Set down a faithful copy of every record below, with no images.
============
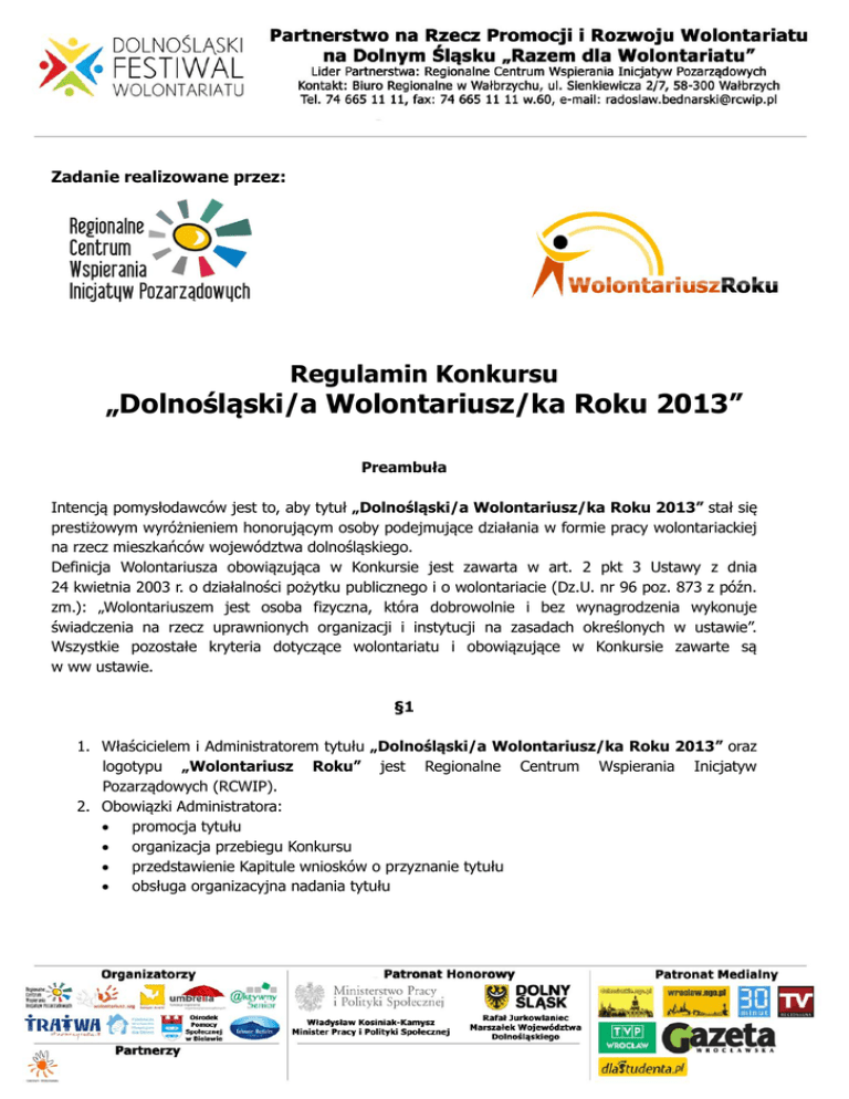 Zadanie realizowane przez: Regulamin Konkursu „Dolnośląski/a Wolontariusz/ka Roku 2013” Preambuła Intencją pomysłodawców jest to, aby tytuł „Dolnośląski/a Wolontariusz/ka Roku 2013” stał się prestiżowym wyróżnieniem honorującym osoby podejmujące działania w formie pracy wolontariackiej na rzecz mieszkańców województwa dolnośląskiego. Definicja Wolontariusza obowiązująca w Konkursie jest zawarta w art. 2 pkt 3 Ustawy z dnia 24 kwietnia 2003 r. o działalności pożytku publicznego i o wolontariacie (Dz.U. nr 96 poz. 873 z późn. zm.): „Wolontariuszem jest osoba fizyczna, która dobrowolnie i bez wynagrodzenia wykonuje świadczenia na rzecz uprawnionych organizacji i instytucji na zasadach określonych w ustawie”. Wszystkie pozostałe kryteria dotyczące wolontariatu i obowiązujące w Konkursie zawarte są w ww ustawie. §1 1. Właścicielem i Administratorem tytułu „Dolnośląski/a Wolontariusz/ka Roku 2013” oraz logotypu „Wolontariusz Roku” jest Regionalne Centrum Wspierania Inicjatyw Pozarządowych (RCWIP). 2. Obowiązki Administratora: promocja tytułu organizacja przebiegu Konkursu przedstawienie Kapitule wniosków o przyznanie tytułu obsługa organizacyjna nadania tytułu §2 Tryb i warunki przyznawania tytułu 1. Do Konkursu można nominować w trzech kategoriach: - Kategoria 1: „Dolnośląski/a Wolontariusz/ka Roku 2013” W tej kategorii nominowana może być każda osoba współpracująca z daną organizacją/instytucją na zasadach wolontariatu określonych w ustawie o działalności pożytku publicznego i o wolontariacie. Miejsce zamieszkania nominowanego wolontariusza i/lub miejsce wykonywania świadczeń na rzecz organizacji/instytucji musi znajdować się na terenie województwa dolnośląskiego. - Kategoria 2: „Dolnośląski/a Koordynator/ka Roku 2013” W tej kategorii nominowana może być każda osoba zajmująca się współpracą z wolontariuszami. Miejsce zamieszkania nominowanego koordynatora i/lub miejsce działalności wolontariuszy zarządzanych przez nominowanego koordynatora musi znajdować się na terenie województwa dolnośląskiego. - Kategoria 3: „Dolnośląska Grupa Wolontariacka Roku 2013” W tej kategorii nominowana może być każda grupa wolontariuszy działająca w sposób zorganizowany współpracująca z organizacjami/instytucjami lub realizująca własne inicjatywy na rzecz dobra wspólnego. Obszar działania nominowanej grupy musi znajdować się na terenie województwa dolnośląskiego. 2. Wniosek o przyznanie tytułu w kategorii: - „Dolnośląski/a Wolontariusz/ka Roku 2013” składają: Organizacje pozarządowe i podmioty wymienione w art. 3 ust. 3 ww ustawy, Organy administracji publicznej, Jednostki podległe lub nadzorowane przez organy administracji publicznej, Przedsiębiorstwa, w których działa program wolontariatu pracowniczego, Osoby indywidualne korzystające z pomocy wolontariuszy. - „Dolnośląski/a Koordynator/ka Roku 2013” składają: Wolontariusze współpracujący z organizacjami pozarządowymi i podmiotami wymienionymi w art. 3 ust. 3 ww ustawy, organami administracji publicznej, jednostkami podległymi lub nadzorowanymi przez organy administracji publicznej oraz przedsiębiorstwami, w których działa program wolontariatu pracowniczego. - „Dolnośląska Grupa Wolontariacka Roku 2013” składają: Organizacje pozarządowe i podmioty wymienione w art. 3 ust. 3 ww ustawy, Organy administracji publicznej, Jednostki podległe lub nadzorowane przez organy administracji publicznej, Przedsiębiorstwa, w których działa program wolontariatu pracowniczego, Osoby indywidualne korzystające z pomocy wolontariuszy. 3. Wniosek nominacyjny należy przygotować w specjalnym Generatorze Wniosków Nominacyjnych dla każdej nominowanej osoby/grupy w każdej kategorii oddzielnie. Link do formularza A – Wolontariusz: http://wolontariusz.rcwip.pl/wolontariusz/wolontariusz.php Link do formularza B – Grupa: http://wolontariusz.rcwip.pl/grupa/grupa.php Link do formularza C – Koordynator: http://wolontariusz.rcwip.pl/koordynator/koordynator.php Instrukcja wypełniania Generatora znajduje się na końcu niniejszego Regulaminu. 4. Po wypełnieniu w Generatorze Wniosek należy zapisać w formie pliku PDF, wydrukować, podpisać w miejscach do tego przeznaczonych i wraz z załącznikami odesłać na adres pocztowy Organizatora Konkursu: Regionalne Centrum Wspierania Inicjatyw Pozarządowych, Biuro Regionalne w Wałbrzychu, ul. Sienkiewicza 2/7, 58-300 Wałbrzych. Dodatkowo wygenerowany plik PDF należy przesłać pocztą elektroniczną na adres [email protected]. 5. Do wniosku mogą zostać dołączone dodatkowe dokumenty uzasadniające nominację np. artykuły prasowe, rekomendacje, filmy, galerie zdjęć, prezentacje multimedialne itp. 6. W uzasadnionych przypadkach dopuszcza się wypełnienie wniosku nominacyjnego poza generatorem na specjalnym formularzu. W tym wypadku Wniosek należy wypełnić komputerowo, na maszynie lub ręcznie (czytelnie, drukowanymi literami). Wnioski nieczytelne będą odrzucane. Brak możliwości wypełnienia wniosku w generatorze i zamiar jego wypełnienia na formularzu musi być uprzednio zgłoszony i uzgodniony z organizatorem Konkursu. 7. Do wniosku obowiązkowo należy załączyć materiały multimedialne: co najmniej 5 zdjęć przedstawiających nominowanego wolontariusza/koordynatora/grupę oraz jego działalność, krótki materiał filmowy prezentujący działalność nominowanej osoby/grupy wg następujących wytycznych: - Materiał filmowy można przygotować dowolnym sprzętem audiowizualnym (aparat cyfrowy z możliwością zapisu VIDEO, kamera cyfrowa itp.) - Materiał filmowy należy przygotować w dobrej jakości obrazu i dźwięku umożliwiającej późniejszą obróbkę. - Treść materiału filmowego powinna dotyczyć bezpośrednio działalności nominowanej/go wolontariuszki/a. - Forma przedstawienia nominowanej/go na filmie jest dowolna
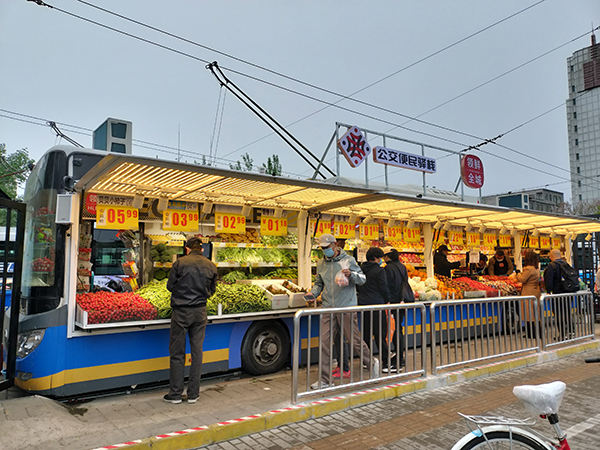 柳芳地鐵站附近開設(shè)“公交便民驛?!?,方便居民購買果蔬。人民網(wǎng)實習(xí)生 曹瑞穎攝
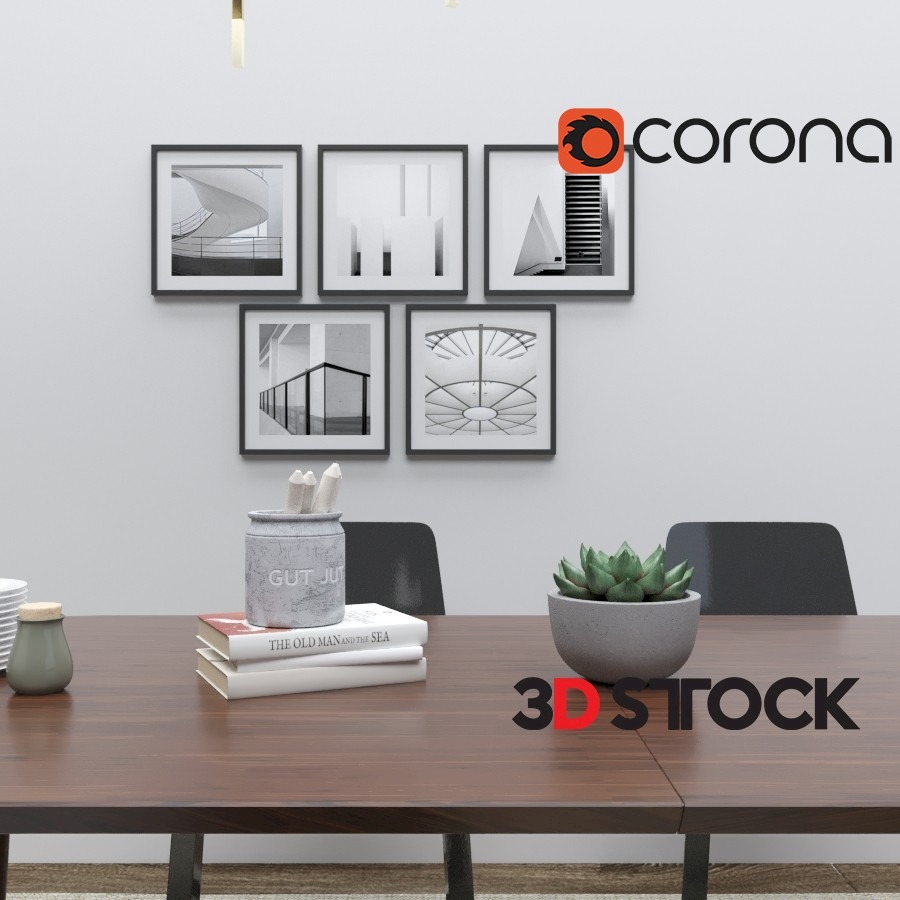Dining Set Table Chair Accessories Lamp Frame Vase Plant Floor Lamp Parquet Rug Carpet Wall
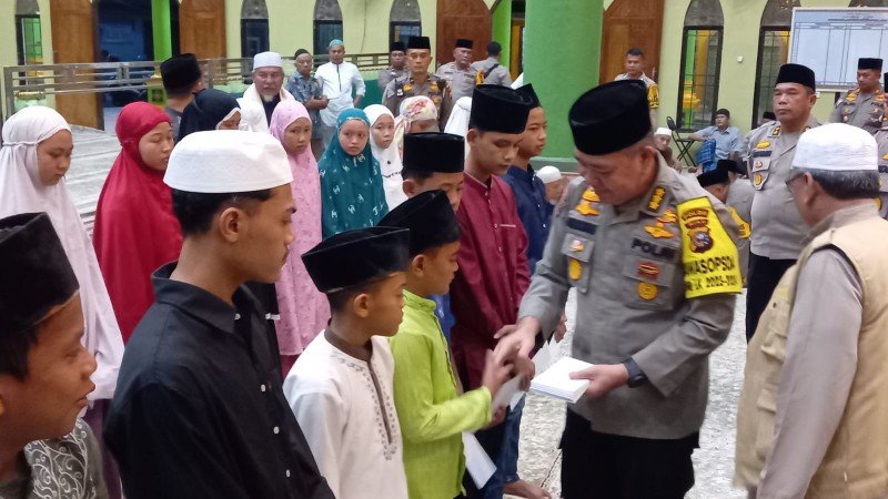 Diakhir acara Irwasda didampingi Wakapolres Inhu, Kompol Teddy Ardian memberikan bantuan sumbangan kepada pengurus Masjid dan membagikan santunan kepada 30 orang anak yatim yang ada di sekitar masjid tersebut.
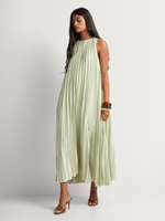 Our Satin Pleated Halterneck Column Dress is a beautiful choice for summer style. Wear it with strappy heels and bold jewellery for a dressy look, or add sneakers and a shopper for a different take.
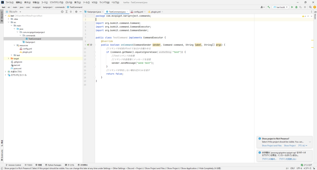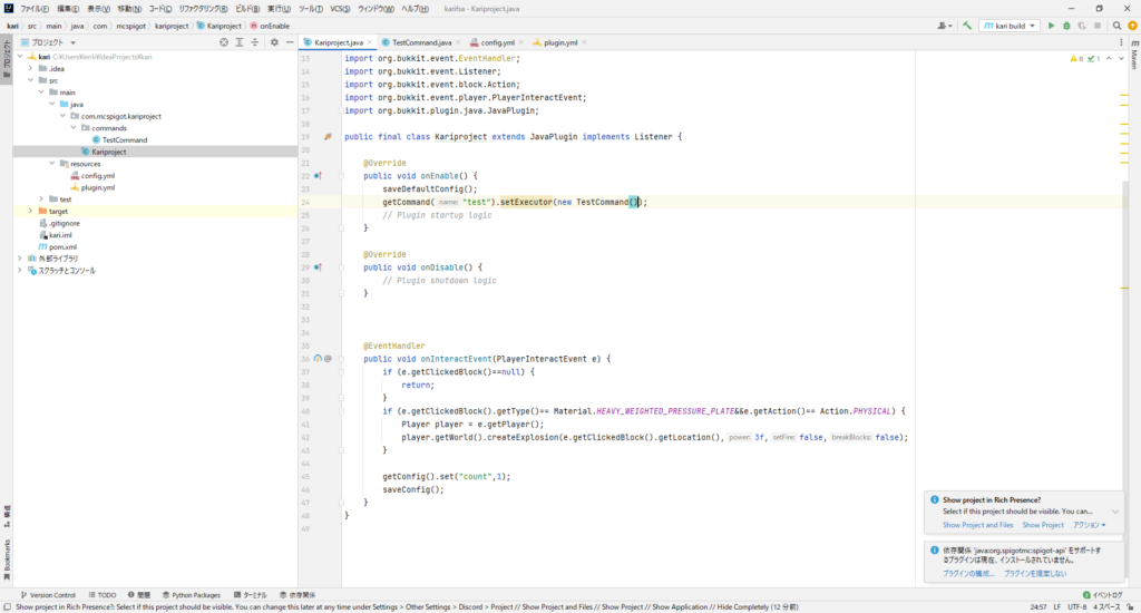 あとはメインクラスでコマンドをSpigot側に認識させるために、onEnableの中にコマンドを登録するコードを追加します。getCommand(“test").setExecutor(new TestCommand());
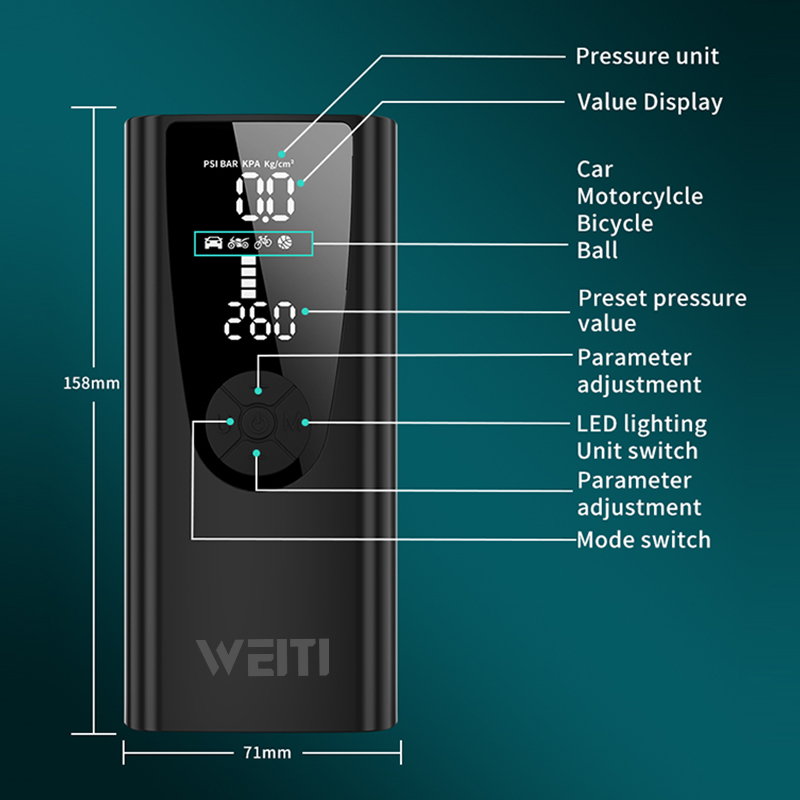 [SG Stock] WEITI 10000mAh Electric Air Compressor Inflator Car Bicycle Pump Wireless Air Pump Car Air Pump Tyre Pump Tyre Car Inflator Portable Pump Digital Tire Pressure Detection
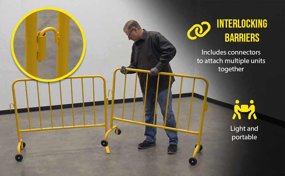 Attractive and functional design ideal for directing personnel. Interlocking portable railing has many commercial and industrial applications. Easy to move to meet changing needs. Upright bars are vertically spaced at 5-7/8" intervals for the light-weight barriers and 5-3/4" for the heavy-duty style. Each railing includes connectors to attach multiple units together to form long runs. Overall size is 102"L x 40"H. Feet are removable so railing will lay flat for shipping and storage. Variety of foot styles available. Rugged welded steel construction.
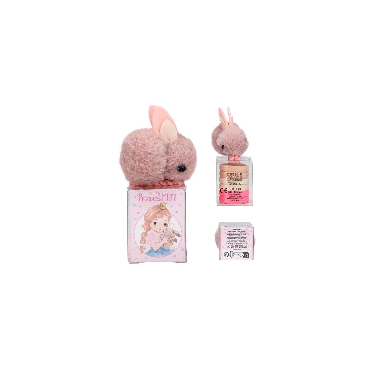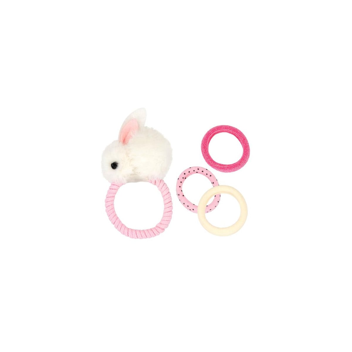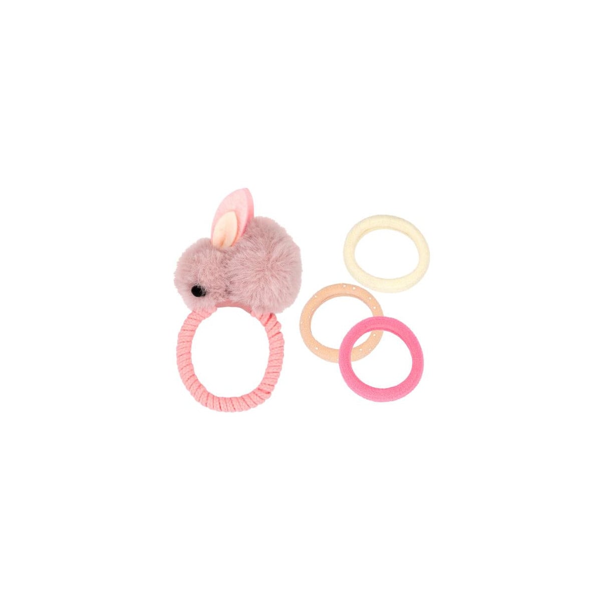 Set de gomas Princess Mimi surtido con conejito y purpurina. Incluye 7 piezas variadas, ideal para peinados dulces y divertidos.
============
_Your response_.
 Zadanie realizowane przez: Regulamin Konkursu „Dolnośląski/a Wolontariusz/ka Roku 2013” Preambuła Intencją pomysłodawców jest to, aby tytuł „Dolnośląski/a Wolontariusz/ka Roku 2013” stał się prestiżowym wyróżnieniem honorującym osoby podejmujące działania w formie pracy wolontariackiej na rzecz mieszkańców województwa dolnośląskiego. Definicja Wolontariusza obowiązująca w Konkursie jest zawarta w art. 2 pkt 3 Ustawy z dnia 24 kwietnia 2003 r. o działalności pożytku publicznego i o wolontariacie (Dz.U. nr 96 poz. 873 z późn. zm.): „Wolontariuszem jest osoba fizyczna, która dobrowolnie i bez wynagrodzenia wykonuje świadczenia na rzecz uprawnionych organizacji i instytucji na zasadach określonych w ustawie”. Wszystkie pozostałe kryteria dotyczące wolontariatu i obowiązujące w Konkursie zawarte są w ww ustawie. §1 1. Właścicielem i Administratorem tytułu „Dolnośląski/a Wolontariusz/ka Roku 2013” oraz logotypu „Wolontariusz Roku” jest Regionalne Centrum Wspierania Inicjatyw Pozarządowych (RCWIP). 2. Obowiązki Administratora: promocja tytułu organizacja przebiegu Konkursu przedstawienie Kapitule wniosków o przyznanie tytułu obsługa organizacyjna nadania tytułu §2 Tryb i warunki przyznawania tytułu 1. Do Konkursu można nominować w trzech kategoriach: - Kategoria 1: „Dolnośląski/a Wolontariusz/ka Roku 2013” W tej kategorii nominowana może być każda osoba współpracująca z daną organizacją/instytucją na zasadach wolontariatu określonych w ustawie o działalności pożytku publicznego i o wolontariacie. Miejsce zamieszkania nominowanego wolontariusza i/lub miejsce wykonywania świadczeń na rzecz organizacji/instytucji musi znajdować się na terenie województwa dolnośląskiego. - Kategoria 2: „Dolnośląski/a Koordynator/ka Roku 2013” W tej kategorii nominowana może być każda osoba zajmująca się współpracą z wolontariuszami. Miejsce zamieszkania nominowanego koordynatora i/lub miejsce działalności wolontariuszy zarządzanych przez nominowanego koordynatora musi znajdować się na terenie województwa dolnośląskiego. - Kategoria 3: „Dolnośląska Grupa Wolontariacka Roku 2013” W tej kategorii nominowana może być każda grupa wolontariuszy działająca w sposób zorganizowany współpracująca z organizacjami/instytucjami lub realizująca własne inicjatywy na rzecz dobra wspólnego. Obszar działania nominowanej grupy musi znajdować się na terenie województwa dolnośląskiego. 2. Wniosek o przyznanie tytułu w kategorii: - „Dolnośląski/a Wolontariusz/ka Roku 2013” składają: Organizacje pozarządowe i podmioty wymienione w art. 3 ust. 3 ww ustawy, Organy administracji publicznej, Jednostki podległe lub nadzorowane przez organy administracji publicznej, Przedsiębiorstwa, w których działa program wolontariatu pracowniczego, Osoby indywidualne korzystające z pomocy wolontariuszy. - „Dolnośląski/a Koordynator/ka Roku 2013” składają: Wolontariusze współpracujący z organizacjami pozarządowymi i podmiotami wymienionymi w art. 3 ust. 3 ww ustawy, organami administracji publicznej, jednostkami podległymi lub nadzorowanymi przez organy administracji publicznej oraz przedsiębiorstwami, w których działa program wolontariatu pracowniczego. - „Dolnośląska Grupa Wolontariacka Roku 2013” składają: Organizacje pozarządowe i podmioty wymienione w art. 3 ust. 3 ww ustawy, Organy administracji publicznej, Jednostki podległe lub nadzorowane przez organy administracji publicznej, Przedsiębiorstwa, w których działa program wolontariatu pracowniczego, Osoby indywidualne korzystające z pomocy wolontariuszy. 3. Wniosek nominacyjny należy przygotować w specjalnym Generatorze Wniosków Nominacyjnych dla każdej nominowanej osoby/grupy w każdej kategorii oddzielnie. Link do formularza A – Wolontariusz: http://wolontariusz.rcwip.pl/wolontariusz/wolontariusz.php Link do formularza B – Grupa: http://wolontariusz.rcwip.pl/grupa/grupa.php Link do formularza C – Koordynator: http://wolontariusz.rcwip.pl/koordynator/koordynator.php Instrukcja wypełniania Generatora znajduje się na końcu niniejszego Regulaminu. 4. Po wypełnieniu w Generatorze Wniosek należy zapisać w formie pliku PDF, wydrukować, podpisać w miejscach do tego przeznaczonych i wraz z załącznikami odesłać na adres pocztowy Organizatora Konkursu: Regionalne Centrum Wspierania Inicjatyw Pozarządowych, Biuro Regionalne w Wałbrzychu, ul. Sienkiewicza 2/7, 58-300 Wałbrzych. Dodatkowo wygenerowany plik PDF należy przesłać pocztą elektroniczną na adres [email protected]. 5. Do wniosku mogą zostać dołączone dodatkowe dokumenty uzasadniające nominację np. artykuły prasowe, rekomendacje, filmy, galerie zdjęć, prezentacje multimedialne itp. 6. W uzasadnionych przypadkach dopuszcza się wypełnienie wniosku nominacyjnego poza generatorem na specjalnym formularzu. W tym wypadku Wniosek należy wypełnić komputerowo, na maszynie lub ręcznie (czytelnie, drukowanymi literami). Wnioski nieczytelne będą odrzucane. Brak możliwości wypełnienia wniosku w generatorze i zamiar jego wypełnienia na formularzu musi być uprzednio zgłoszony i uzgodniony z organizatorem Konkursu. 7. Do wniosku obowiązkowo należy załączyć materiały multimedialne: co najmniej 5 zdjęć przedstawiających nominowanego wolontariusza/koordynatora/grupę oraz jego działalność, krótki materiał filmowy prezentujący działalność nominowanej osoby/grupy wg następujących wytycznych: - Materiał filmowy można przygotować dowolnym sprzętem audiowizualnym (aparat cyfrowy z możliwością zapisu VIDEO, kamera cyfrowa itp.) - Materiał filmowy należy przygotować w dobrej jakości obrazu i dźwięku umożliwiającej późniejszą obróbkę. - Treść materiału filmowego powinna dotyczyć bezpośrednio działalności nominowanej/go wolontariuszki/a. - Forma przedstawienia nominowanej/go na filmie jest dowolna
 柳芳地鐵站附近開設(shè)“公交便民驛?!?,方便居民購買果蔬。人民網(wǎng)實習(xí)生 曹瑞穎攝
Dining Set Table Chair Accessories Lamp Frame Vase Plant Floor Lamp Parquet Rug Carpet Wall
 Diakhir acara Irwasda didampingi Wakapolres Inhu, Kompol Teddy Ardian memberikan bantuan sumbangan kepada pengurus Masjid dan membagikan santunan kepada 30 orang anak yatim yang ada di sekitar masjid tersebut.
 Our Satin Pleated Halterneck Column Dress is a beautiful choice for summer style. Wear it with strappy heels and bold jewellery for a dressy look, or add sneakers and a shopper for a different take.
 あとはメインクラスでコマンドをSpigot側に認識させるために、onEnableの中にコマンドを登録するコードを追加します。getCommand(“test").setExecutor(new TestCommand());
 [SG Stock] WEITI 10000mAh Electric Air Compressor Inflator Car Bicycle Pump Wireless Air Pump Car Air Pump Tyre Pump Tyre Car Inflator Portable Pump Digital Tire Pressure Detection
 Attractive and functional design ideal for directing personnel. Interlocking portable railing has many commercial and industrial applications. Easy to move to meet changing needs. Upright bars are vertically spaced at 5-7/8" intervals for the light-weight barriers and 5-3/4" for the heavy-duty style. Each railing includes connectors to attach multiple units together to form long runs. Overall size is 102"L x 40"H. Feet are removable so railing will lay flat for shipping and storage. Variety of foot styles available. Rugged welded steel construction.
 Set de gomas Princess Mimi surtido con conejito y purpurina. Incluye 7 piezas variadas, ideal para peinados dulces y divertidos.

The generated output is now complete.